# Acrylics II



## DonH (Apr 4, 2011)

Here is an animal of myth and legend, but lately proven to still exist in Southern New Mexico.. the Jaguar... 16 x 20


----------



## DonH (Apr 4, 2011)

"Intensity" 16 x 20. On Canvas. 
This was painted last night under partial florescent lighting. The orange used did not show up nearly so well as it does in the daylight. I decided to leave it as is.


----------



## DonH (Apr 4, 2011)

"Red Tailed Hawk" 16 x 20


----------



## WatercolorStain (Apr 11, 2011)

Wonderfully done! You did a great job at capturing their expressions, especially in the jaguar and hawk. The detailing in the fur and feathers is amazing too. Perhaps it's my inner tree-hugger, but animals always were my favorite subject. Looking forward to seeing more.


----------



## DonH (Apr 4, 2011)

Thanks so much, WatercolorStain! I hadnt done animals to speak of in Acrylics, so just getting my bearings in such doings.


----------



## DonH (Apr 4, 2011)

Here is one i did today in about 20 minutes. It was supposed to be just a preliminary sketch for a more realistic painting. A relative told me it was finished like that, so I present it here as is. The subject is taken from a photo i took on the Plaza in Santa Fe. In the mornings, native vendors line up to draw numbers for selling locations out in front of the Plaza. This colorful gentleman is a silversmith, much of what he sells being of his own handiwork.
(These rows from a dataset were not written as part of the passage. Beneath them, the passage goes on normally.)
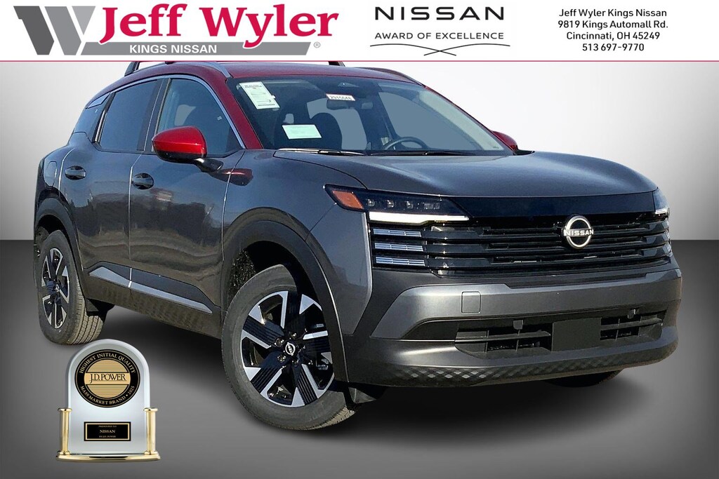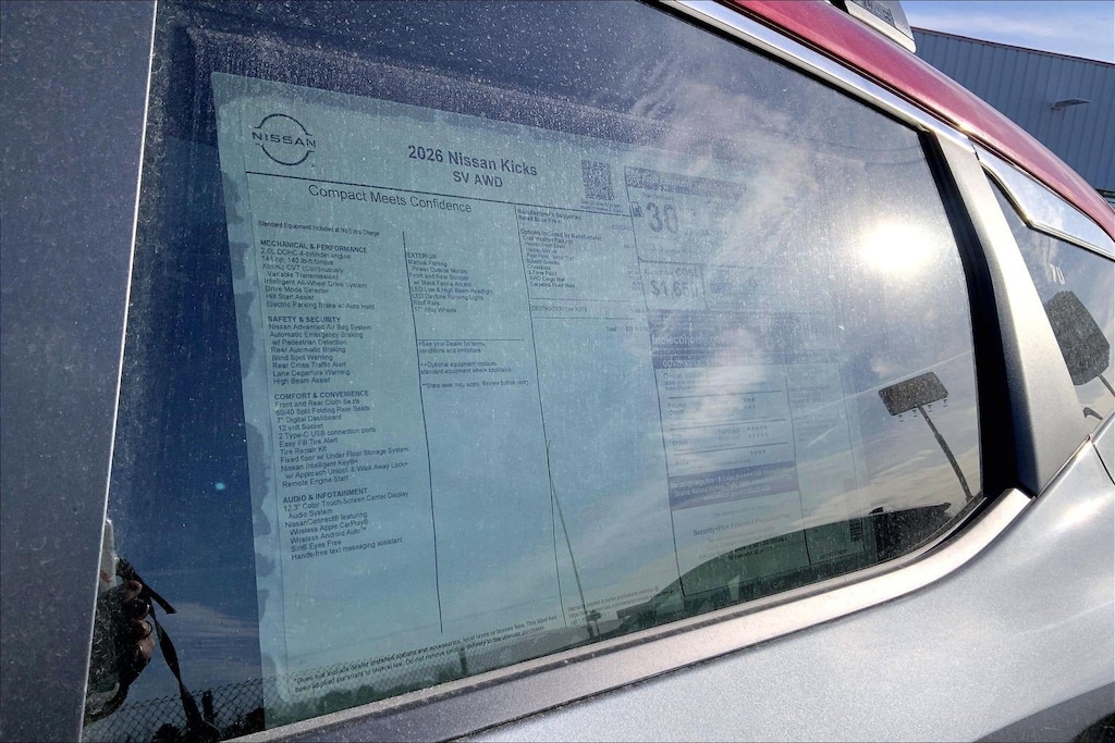 $2,171 off MSRP! Jeff Wyler Kings Nissan is honored to offer this gorgeous-looking 2026 Nissan Kicks SV in Gun Metallic/Scarlet Ember Tintcoat. Well equipped with: Cold Weather Package (Heated Front Seats, Heated Mirrors, and Rear Floor Heater Ducts), 17" Alloy Wheels, 2-Tone Paint, 4 Speakers, 4-Wheel Disc Brakes, ABS brakes, Air Conditioning, Alloy wheels, AM/FM radio, Auto High-beam Headlights, Automatic temperature control, AWD Cargo Mat, Blind Spot Warning, Brake assist, Bumpers: body-color, Carpeted Floor Mats, Cloth Seat Trim, Crossbars, Driver door bin, Driver vanity mirror, Dual front impact airbags, Dual front side impact airbags, Electronic Stability Control, Emergency communication system, Exterior Parking Camera Rear, Four wheel independent suspension, Front anti-roll bar, Front Bucket Seats, Front Center Armrest, Front reading lights, Fully automatic headlights, Illuminated entry, Knee airbag, Low tire pressure warning, NissanConnect featuring Apple CarPlay and Android Auto, Occupant sensing airbag, Outside temperature display, Overhead airbag, Panic alarm, Passenger door bin, Passenger vanity mirror, Power door mirrors, Power steering, Power windows, Radio data system, Radio: AM/FM/SiriusXM Audio System, Rear anti-roll bar, Rear reading lights, Rear side impact airbag, Rear window defroster, Rear window wiper, Remote keyless entry, Security system, Speed control, Speed-sensing steering, Splash Guards, Split folding rear seat, Spoiler, Sport steering wheel, Steering wheel mounted audio controls, Tachometer, Telescoping steering wheel, Tilt steering wheel, Traction control, Trip computer, and Variably intermittent wipers. 27/34 City/Highway MPGWyler Family First Package Includes: NanoCure Appearance Protection: Exterior & Interior Chemical Sealant Applied to Protect Against Environmental Hazards (7 Year Warranty Coverage). Pulse- Rear end Collision Avoidance System Theft Deterrent Strategy gives you 5 Years of Coverage against vehicle Theft, Offering up to a $5,000 benefit. Used vehicles 10 years of age or newer with less than 100,000 miles are eligible for the Wyler Assurance Program, but eligible vehicles must pass our reconditioning process and multi-point inspection. Provided the vehicle passes inspection, vehicles will be eligible for the 6 month/6,000 mile limited warranty. The 6 month/6,000 mile limited warranty is NOT available on AS-IS vehicles, wholesale vehicles, lease buyback/pass-thru vehicles or un-inspected vehicles. Note that this program can also apply to vehicles where the remaining factory coverage is less than 6 months or 6,000 miles. Please check the Federal Trade Commission (FTC) Buyers guide on the vehicle for full details as to whether or not warranty coverage may apply. Contact Dealer for additional details. The Wyler Assurance 6 month/6,000 Mile limited warranty ends 6 months from the date of the Retail Purchase Agreement (BUYERS ORDER) or when the vehicle's odometer registers 6,000 additional miles to the mileage listed on the BUYERS ORDER, whichever comes first. Your Deductible - The warranty holder on your contract pays the first $100 of each covered repair. Price includes: $1000 - Nissan Customer Cash. Exp. 03/31/2026
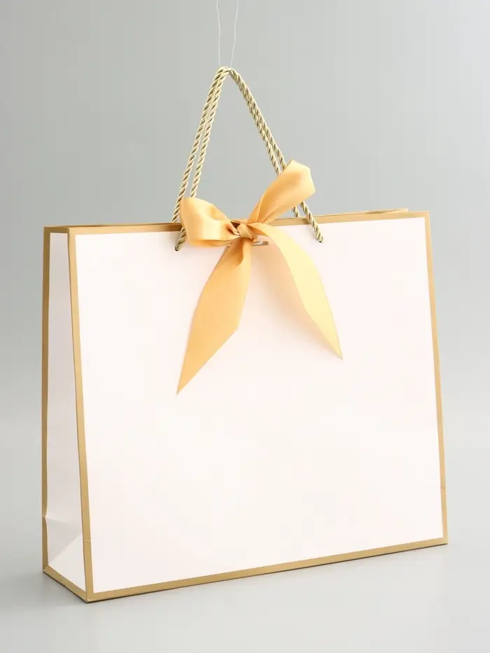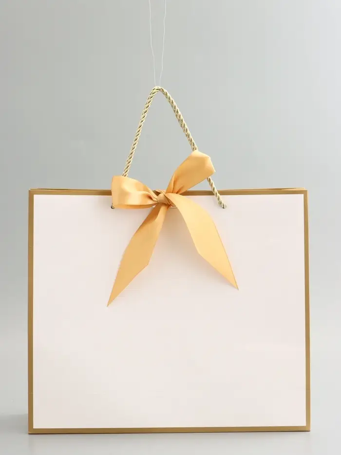 Пакет подарочный, белый, с бантом, 35 х 30 х 10 см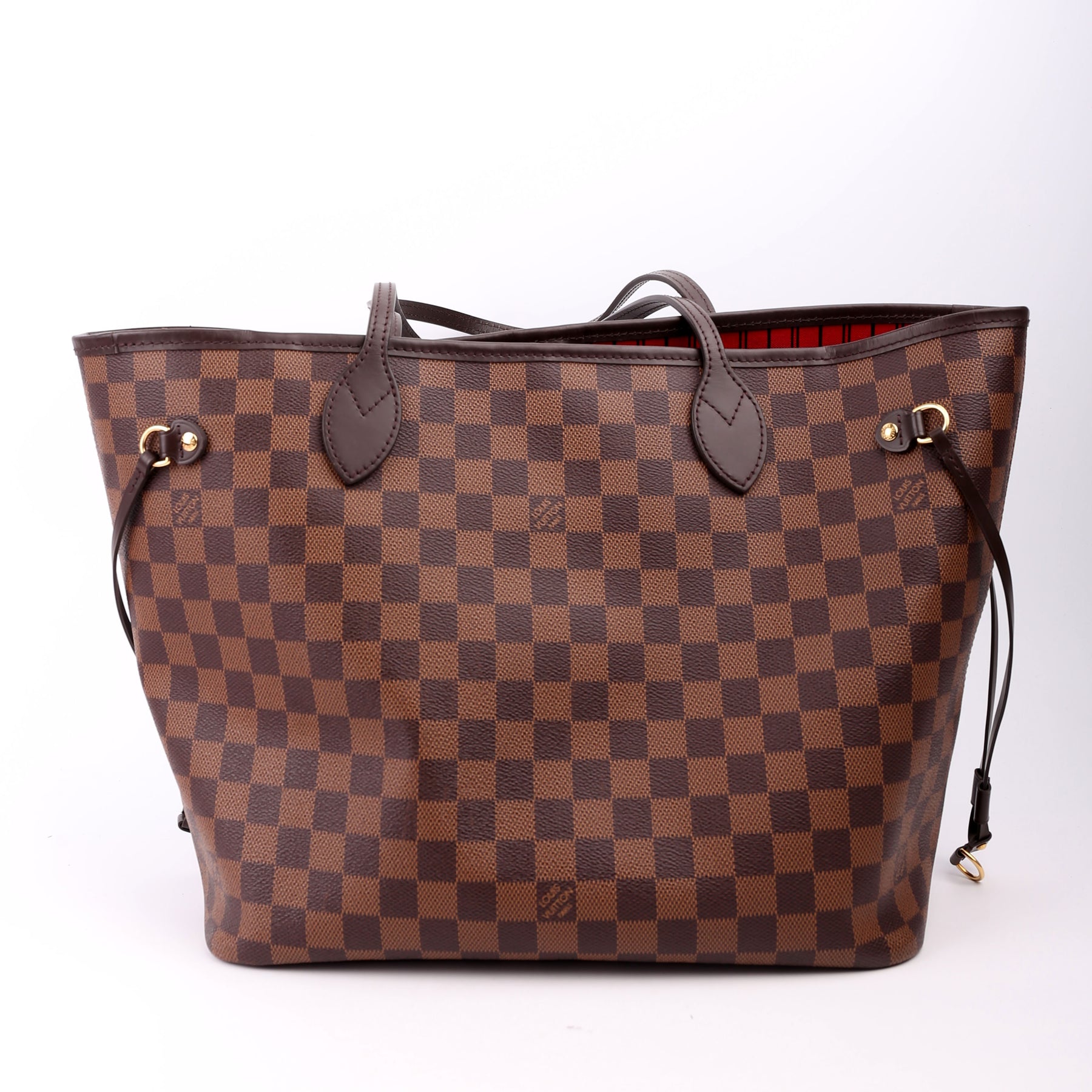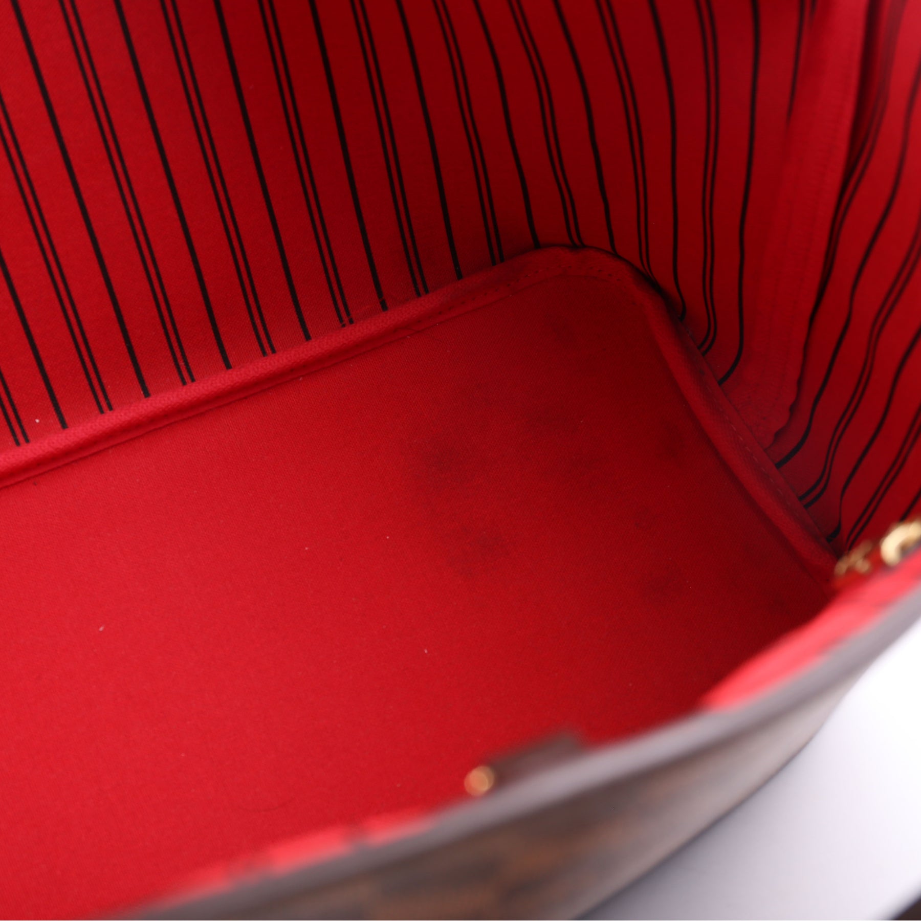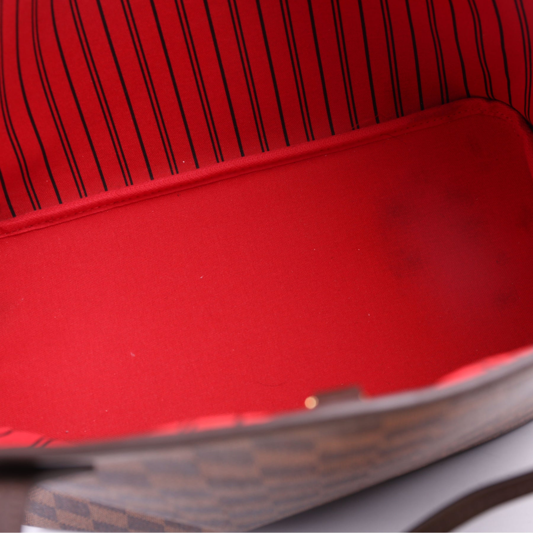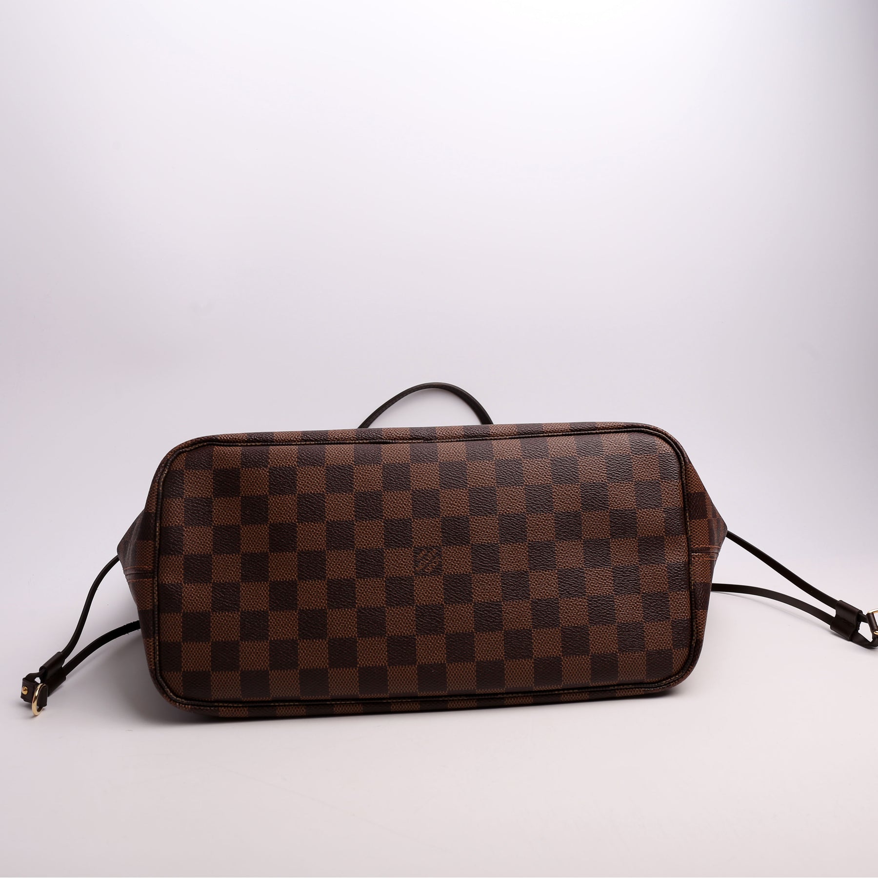 This pre-owned Louis Vuitton Neverfull MM is guaranteed 100% authentic. The exterior is in the classic Louis Vuitton Damier Ebene coated canvas.

The version in the album has a few more brush strokes on it.
"The Silversmith"


----------



## PencilMeIn (Sep 2, 2010)

I've been missing out on your fabulous paintings, Don! Animals are my favorite subject and you've captured them well. Twenty minutes on that last one? I'm impressed! Love the story behind it.


----------



## chanda95 (Apr 6, 2011)

Don - loving these and the red-tailed hawk is beautiful!! Can't wait to see what else you come up with!


----------